Attualità Coronavirus

Lockdown subito: pressing delle imprese sul governo

Anticipare la chiusura ad Halloween potrebbe salvarci dal Natale in quarantena

Anticipare la chiusura ad Halloween potrebbe salvarci dal Natale in quarantena

E se invece che a Natale chiudessimo tra un paio di settimane? E’ vero che l’aumento dei contagi delle ultime settimane è direttamente proporzionale a quello del numero dei tamponi effettuati, ma è pur vero che più tamponi si fanno e più casi continuano a uscire fuori. Se l’impennata sembra a tutti destinata a proseguire, e a trasferirsi pian piano nei reparti di ospedale portandoli al collasso, e se governo e comitato tecnico vedono ormai come ineludibile una nuova serrata entro la fine dell’anno, perché allora non anticiparla? Non sarebbe meglio, da un punto di vista sanitario, stroncare sul nascere la nuova ondata di infezioni senza attendere che s’infranga sulle nostre vite? E così provare contemporaneamente a salvaguardare, dal punto di vista economico, i consumi e le attività di negozianti e ristoratori che proprio durante le feste natalizie registrano i loro maggiori guadagni?

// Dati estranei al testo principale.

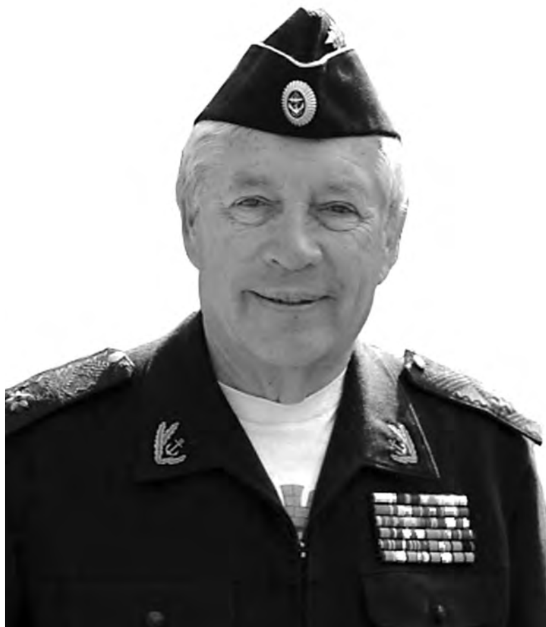
Контр-адмирал Дьяконов А.Г.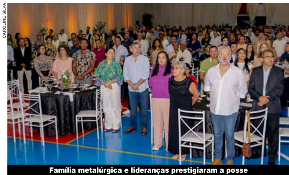
Família metalúrgica e lideranças prestigiaram a posse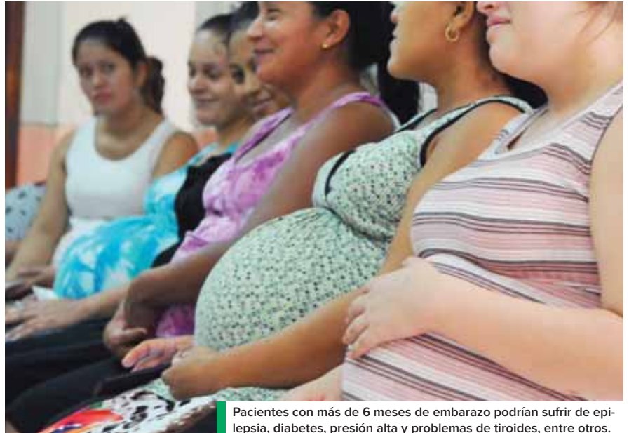
Pacientes con más de 6 meses de embarazo podrían sufrir de epilepsia, diabetes, presión alta y problemas de tiroides, entre otros.

La especialista hizo énfasis en malformaciones por defectos fetales de cara abierta; y problemas del corazón en el que el bebé probablemente muera al nacer, porque los problemas cardíacos son muy graves para los pequeños.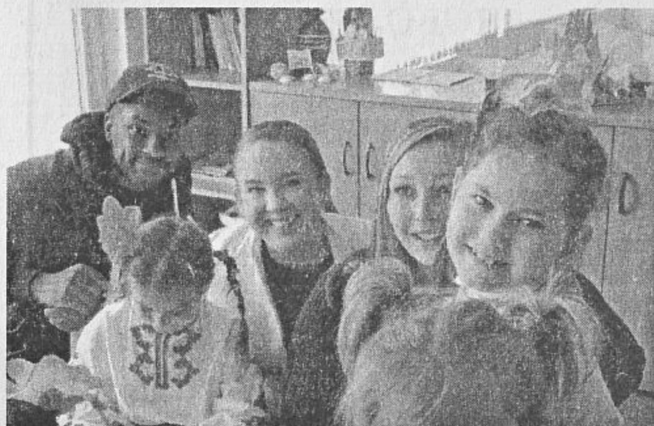
Слънчеви и щастливи - американски матрос и български деца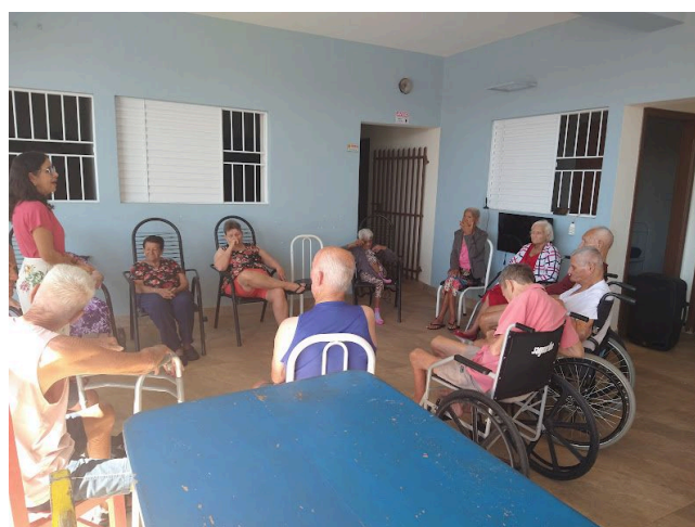
Equipamento de áudio usado durante o grupo de convivência com os idosos – 11/09/2025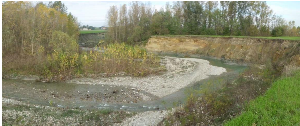
Ansa dei Guccioni

Imprenditori e commercianti premono sul governo affinché scongiuri lo scenario di un Natale in quarantena rendendo ancor più strette le attuali misure di contrasto all’epidemia (come il coprifuoco alle 22) e, possibilmente, anticipi già tra fine ottobre e inizio novembre il paventato lockdown. Meglio rinunciare ad  Halloween che al Natale. Secondo il Centro studi di Confindustria lo stop a dicembre, mese chiave per la nostra economia, rischia di costare fino a 16 miliardi di euro a settimana, lo 0,8% del Pil. Confcommercio calcola in 110 miliardi la spesa complessiva per i consumi durante il periodo natalizio, su un totale annuo di 900 miliardi. Il blocco a Natale sarebbe il colpo del ko anche per Confartigianato, secondo cui chiuderebbe un’impresa artigiana su tre.